With the advent of springtime here in the Northeast, you’ve undoubtedly begun to think about developing the base tan and rippling hard body needed for success at the beach.
Unfortunately, if you’re like most of your peers—an estimated 96 percent of them, according to always-authoritative Wikipedia—you’ve spent the previous 365 days gaining the dreaded freshman 15. This annual form of bulking is now so ubiquitous it extends beyond high school and college freshmen to all of the rest of you, “kids at heart” who are part of a millennial youth movement grown old and stout.
Now, far from being able to concentrate your precious energies on the selection of a suitable swimsuit for TikTok twerking, you’re left figuring out how to stave off or reverse the meat-suit bloat and decay that resulted from one too many pancake breakfasts, lunches, and dinners.
You may believe the best thing to do now is to undertake a program of intense physical exercise. Perhaps you’ve even contemplated buying one of those $50,000 Peloton online bicycles or joining some other sort of elaborate scam or multi-level marketing scheme.
Friend, let me tell you something: Dropping barbells filled end-to-end with 15-pound bumper plates, performing muscle-ups, doing air squats in weighted vests, swinging kettlebells, and riding a computer bike for $199.99 a month isn’t the answer.
All that program would do is cost you hard-wasted time and hard-earned money better applied to doing nothing.
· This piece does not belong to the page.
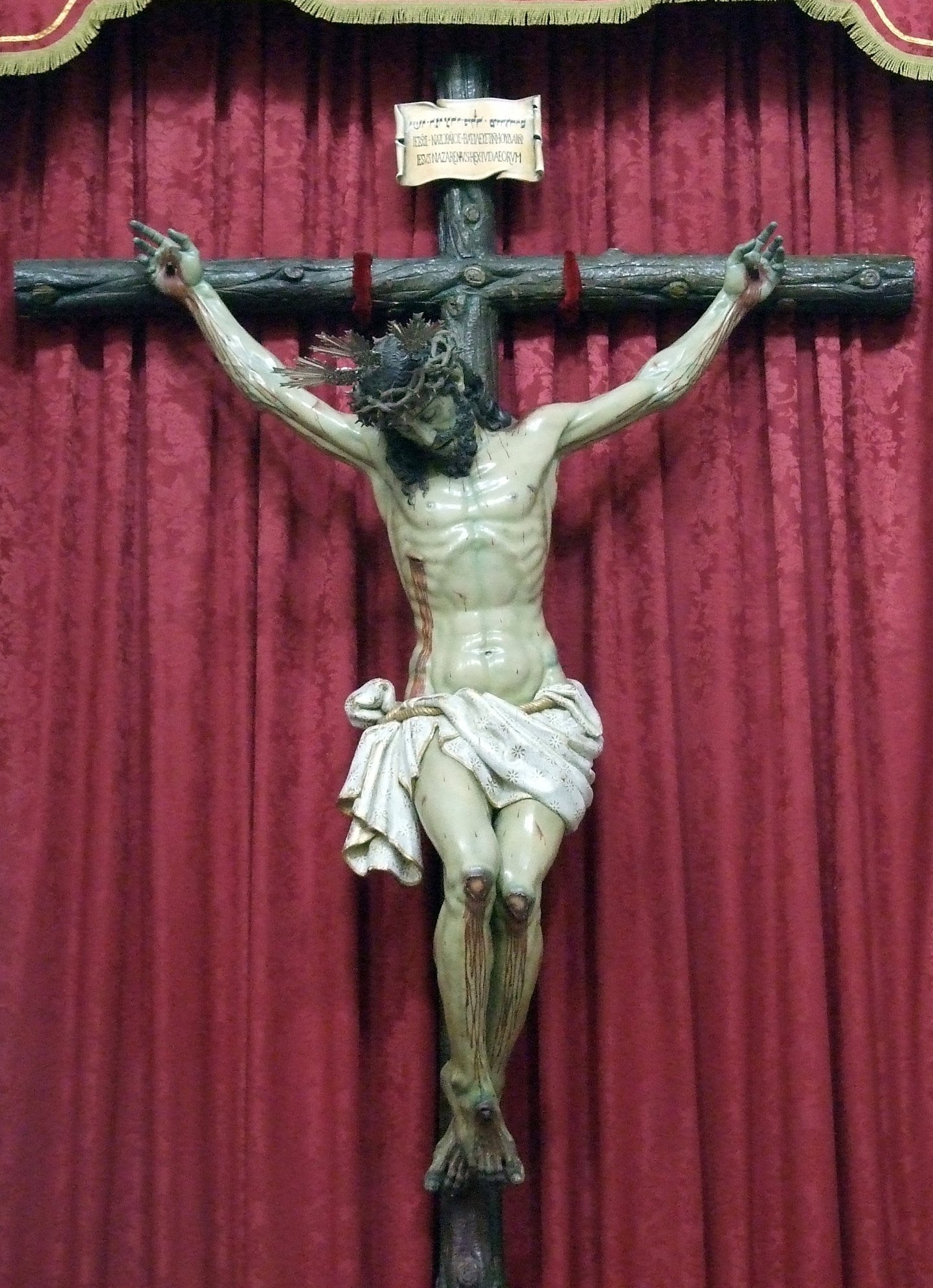Santísimo Cristo del Perdón y La Pobreza, de autor anónimo del S. XVIII. Donado por el Iltmo. Sr. D. José Blanco Sancha, Deán de la Santa Iglesia Catedral de Córdoba, a la Parroquia de la Veracruz en 1919. Restaurado por el conservador y restaurador D. Salvador Guzmán Moral en Cabra en 2008.

You see, getting back in shape is just another way of hiding from the truth.
Consider this: your latest bout with the freshman 15 is who you are.
There are plenty of do-gooders and try-harders writing for America’s top checkout-line fitness magazines who’ll tell you that you deserve some other kind of body, but a beefier physique has lots to recommend it.
First, now that you look different from the way you did in high school or college or grad school or whenever you weren’t so big, you’ve got an appropriate frame of reference for your glory days.
Knee injuries sustained during junior year of high school football—when you were certainly going to be all-state or at least all-county—aside, getting out of shape is an awesome way to develop a usable past you can exaggerate and idealize.
Prom queen? Abercrombie & Fitch model? Splice Today columnist? Now is the time to relive the dreams that never came true.
Second, you can embrace a new supporting role. Ever watch one of those hot college comedies? There’s always a choice part in those for a fat, obnoxious roommate.
These people might not land the partners of their dreams, but their frolicsome antics never fail to steal the show. So answer this: Why wouldn’t you want to be a show-stealer, friend?
Finally, the freshman 15 is a rite of passage, akin to catching your best bro flirting on Grindr with your dad or watching The Boondock Saints for the 50th time. It marks the boundary that separates exciting adulthood—with its 9-to-5 workdays, Netflix binges, tearful visits to the bathroom, and assorted pairs of pleated khaki pants that are uncomfortably tight in the waist yet curiously loose in the ass—from the marathon sleeping sessions and drunken bacchanalia of dreary adolescence.
Now that you’ve packed on the avoirdupois like nobody’s business, aren’t you ready for the big time? Aren’t you ready to be a grown-up able to do the work of size?
As always, you can thank me later, true believers.